Marilyn Monroe was born Norma Jeane Mortenson on June 1, 1926, in Los Angeles, and spent a majority of her childhood in foster homes. Her mother, Gladys Pearl Baker, was diagnosed with paranoid schizophrenia and spent a large portion of Monroe’s youth in a mental health facility. Monroe met a man named James Dougherty while attending Van Nuys High School and married him at the age of 16.
In 1944, Dougherty joined the Merchant Navy and was posted in the South Pacific to teach sea safety. While he was gone, Monroe signed a contract with 20th Century Fox and the Blue Book Model agency, who required Monroe to be unmarried. She filed for divorce from Dougherty in 1946 despite his protests. After going by the name Mona Monroe during a series of modeling jobs, she changed her first name to Marilyn and began her acting career.
Since the 1970s, at least 20 actresses have portrayed Monroe in movies and TV adaptations, with seven books about her life currently in circulation, in addition to countless other productions both large and small, many promising to expose Monroe’s life as never before.

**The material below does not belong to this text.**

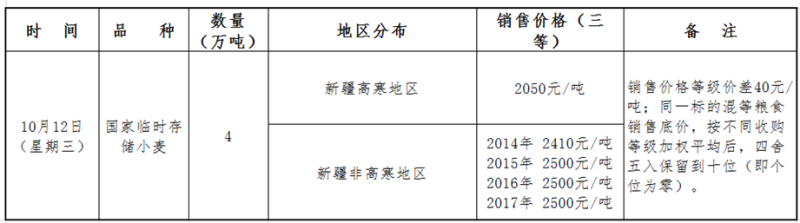 9月27日,国家粮食交易中心发布交易公告,10月12日新疆地区将投放国家临时存储小麦4万吨。

The 2022 release of Blonde, Andrew Dominik’s film adaptation of Joyce Carol Oates’ 2000 novel of the same name, has recently brought to mainstream consciousness a few poignant questions: How much humanity remains behind the icon, and what is our responsibility when telling a story that has become pop-cultural lore? Where is the line when determining whether we are empathizing with and accurately portraying a figure’s tragedy versus gorging on scandal?
Marilyn Monroe is considered one of the most famous and recognizable figures, not only in American history but across the world. Her status as a singer and actress in some of the major motion pictures coming out of post-World War II Hollywood, and her overwhelming identification as a sex symbol character developed for the male gaze — paired with her highly publicized romances — cast her image far and wide into cultural consciousness.

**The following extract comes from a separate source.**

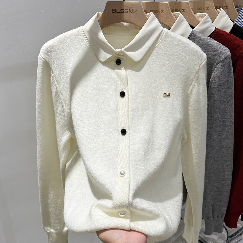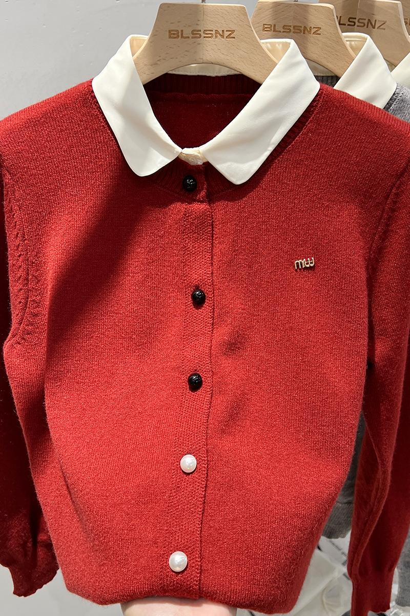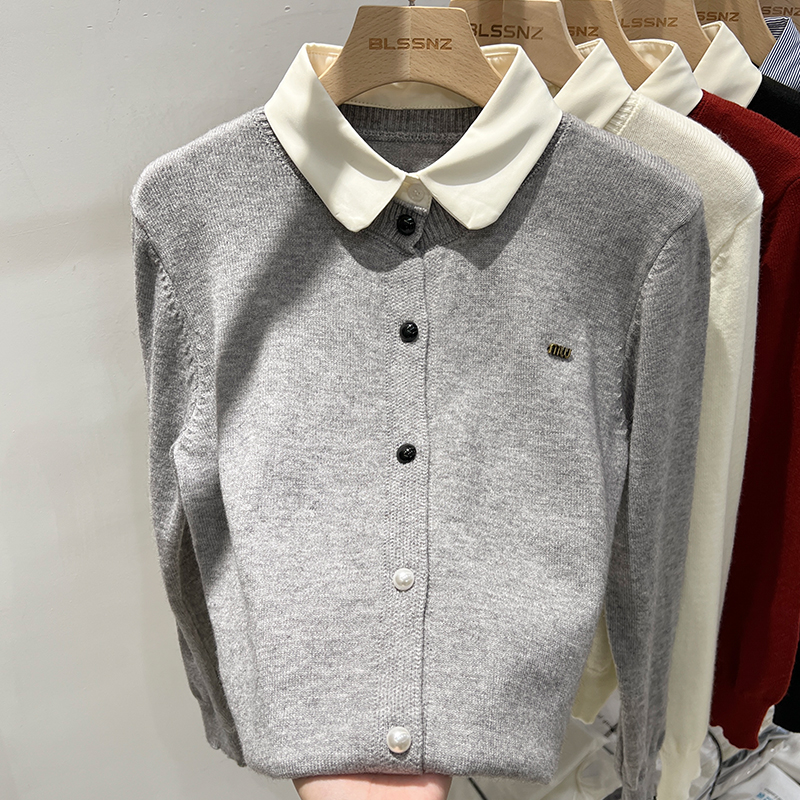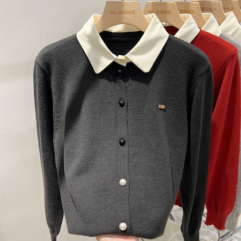 실제 가격 샷 #college 스타일 폴로 칼라 니트 카디건 봄에 여성을위한 작은 가짜 2 피스 스웨터 재킷 탑

The likeness of Monroe has influenced fashion, cinema, and art (ie. Andy Warhol’s 1962 Marilyn Diptych and 1964 Shot Marilyns) and continues to be a point of creation and marketability today. From stationery companies and t-shirt manufacturers to production companies and magazines like Glamour writing pieces on how to do a skincare routine like the star, Monroe’s distribution as monument has seemingly permeated time.
No one, however, can exist without context, and the perpetuation of Monroe as monolith often eliminates the factors that exemplify her humanity. Simon Curtis’ 2011 film My Week with Marilyn, starring Eddie Redmayne and Michelle Williams, faced criticism for just that.
Other renditions of Marilyn’s double-edged life, vowing unseen moments, opt to focus on her image within a few single events, while erasing their surroundings — dissecting Monroe into major life events or plot points, minimizing her into a confused girl dictated by her ailments or a damaged woman seeking validation from an absent father.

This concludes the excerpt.